Все трое повернулись к новому посетителю — сутулому господину в волчьей шубе. Его вышел встречать с поклонами сам хозяин Иван Васильевич Киселев.
— Что за тип? — подозвав полового, спросил с притворной ленцой чиновник.
— Главный врач тюрем его превосходительство Федор Петрович Гааз.
Все трое возгордились, что сидят в одном трактире с таким значительным господином, и стали пристально наблюдать за ним.
Федор Петрович, договорившись с Киселевым, что хлеба Егор отвезет сейчас на Рогожский полуэтап, присел подзакусить. Киселев хотел его накормить по высшему разряду, но Гааз твердо отказался, попросив гороху и чаю со сладким пирожком.
Федор Петрович уже заканчивал обед, когда Киселев подвел к нему двух купцов, до этого расправлявшихся в дальнем углу залы с двухведерным самоваром.

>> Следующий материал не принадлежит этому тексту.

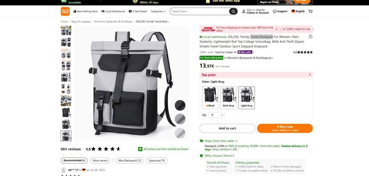 | 1 | 1 | Reiserucksack | TEMU REVIEW DE | 1369673 |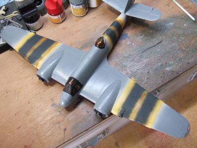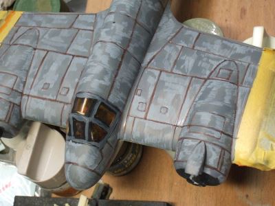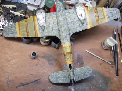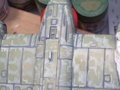 (写真9)近似色でエアブラシをかけたとこです。ほーらこんなに明るい。ムラも良い感じにボケボケになってもう目立たない。そーいや某模型誌でこの方法を発表したら「なりゆき塗装法」なんて命名されたな。確かに計算づくじゃやってないけど・・・・ねえ。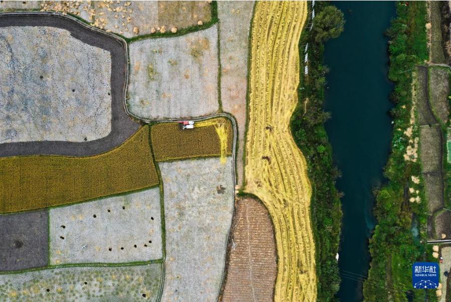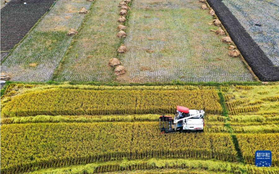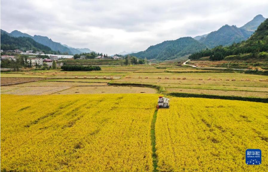 10月8日,農(nóng)民駕駛收割機(jī)在麻江縣壩芒鄉(xiāng)樂(lè)坪村搶收水稻(無(wú)人機(jī)照片)。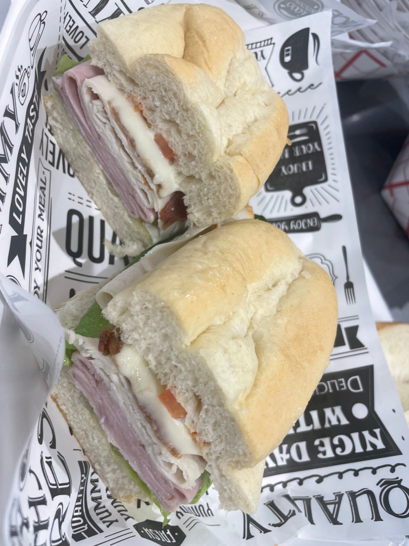 Ham, turkey, bacon, American cheese, lettuce, tomato, mustard mayo blend on a white sub roll.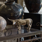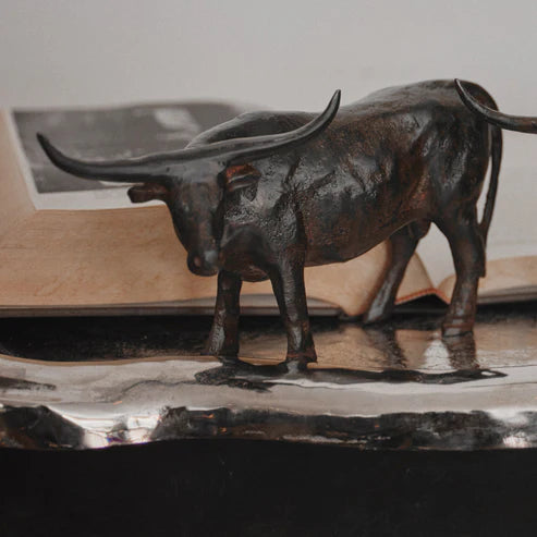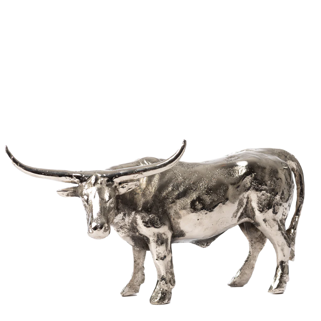 Elevate your living space with the captivating Cuerno Largo Toro sculpture from Jan Barboglio. This exquisite German nickel-plated or natural Longhorn piece is more than just a decorative item - it's a statement of sophistication and refined taste. With its majestic horn design and meticulously crafted details, it exudes a commanding presence that will make it the focal point of any room. Whether displayed on a bookcase or desk, this premium sculpture is sure to inspire and impress.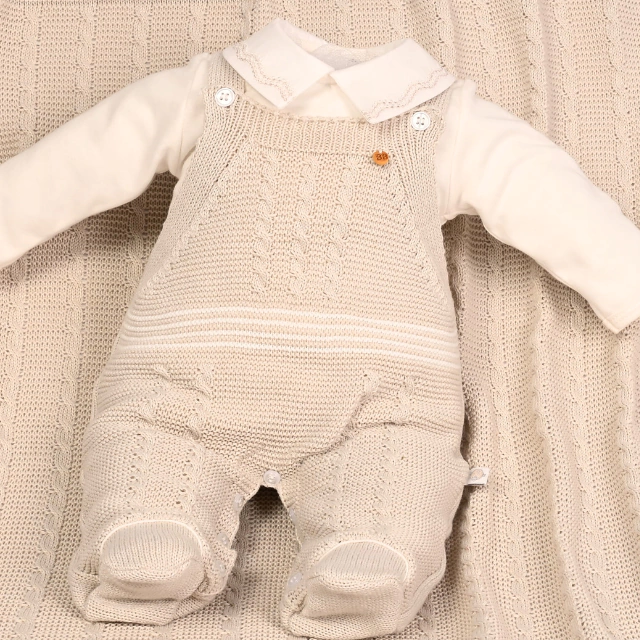 SAIDA MATERNIDADE TRICOT COM JARDINEIRA GABRIEL AREIA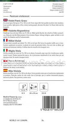 Hierba anual que crece de 70 a 100 cm de altura. Forma grandes matas que se transforman rápidamente en praderas. Panículas sueltas de color verde claro al principio, que se vuelven lentamente púrpura, decoran la planta. Para parterres y ramos secos.
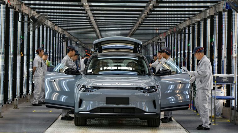 Employees work on the assembly line of new energy vehicles at a factory of Chinese EV startup Leapmotor on April 1, 2024 in Jinhua, Zhejiang Province of China.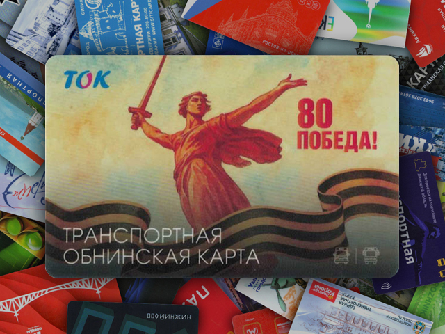 Город Обнинск тоже не обошёл стороной празднование 80-летия Победы в Великой Отечественной войне, выпустив транспортную карту "ТОК" к грядущему празднованию, 29 апреля 2025 года, с изображением на лицевой стороне карты скульптуры "Родина-Мать зовёт!", а на оборотной стороне можно увидеть знакомое всем водружение Знамени Победы.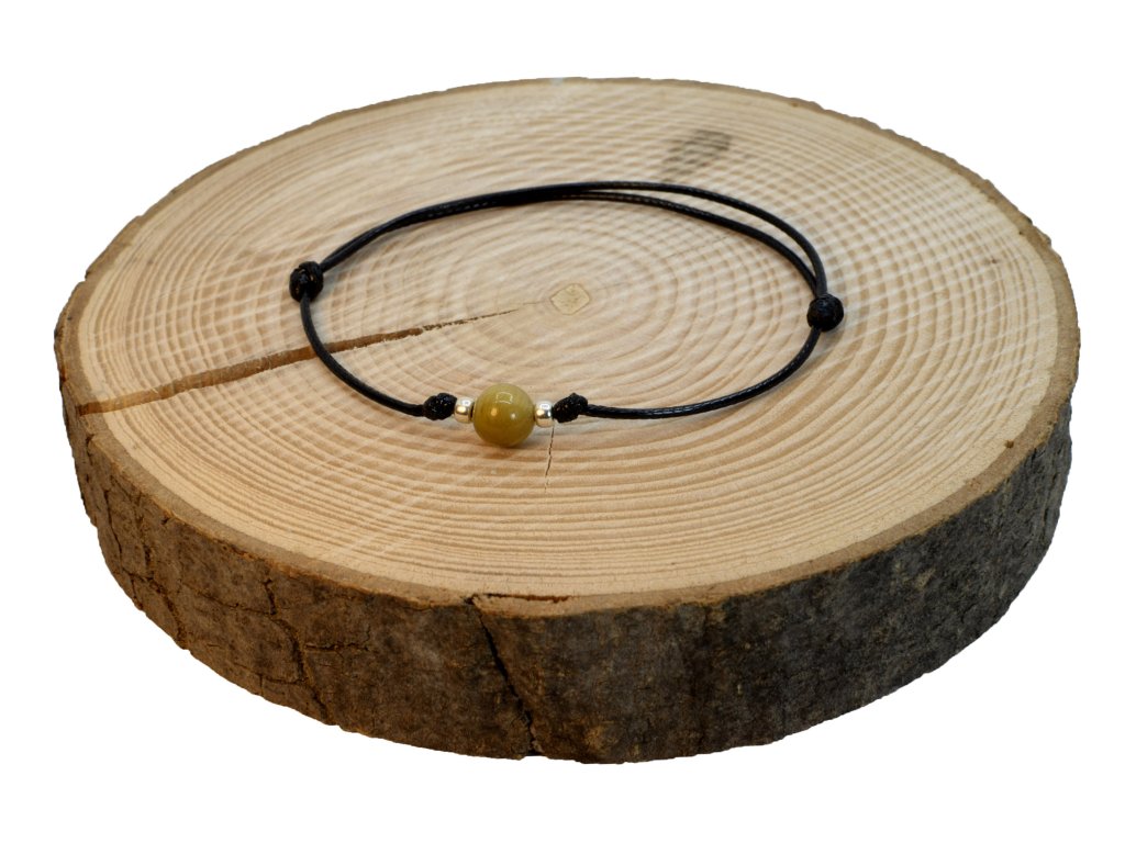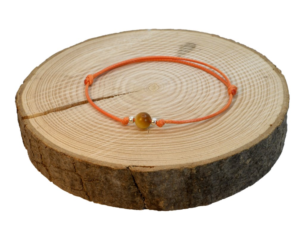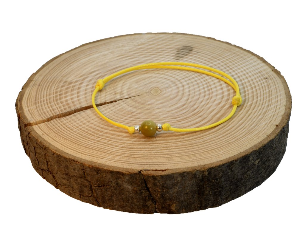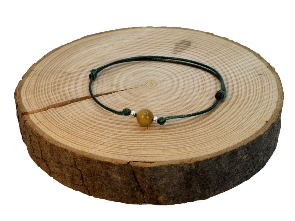 Elegantní provázkový náramek z přírodního kamene zlaté tygří oko, ve svěžím ladení. Korálky o velikosti 6 mm navlečené na pevné nylonové přízi zajišťují spolehlivý a pohodlný design. Korálky v lesklém zlatém odstínu s jemným mléčným žíháním dodávají náramku jemný, přírodní vzhled. Po stranách jsou umístěny stříbrné korálky, které podtrhují jeho minimalistický, ale stylový design.

— Не откажитесь познакомиться, Федор Петрович, — поклонился хозяин трактира. — Купцы третьей гильдии Никита Пушкарев и Егор Кирчигин. Промышляют мучной торговлишкой и еще так, по мелочи.
— Много о вас наслышаны и хотели бы побеседовать, — поклонился Пушкарев, более молодой и солидный.
— Премного, премного наслышаны о ваших благодеяниях, — изогнувшись, льстиво улыбнулся Кирчигин, худой, с бегающими карими глазами и гусиным носом.
— Присаживайтесь, очень рад.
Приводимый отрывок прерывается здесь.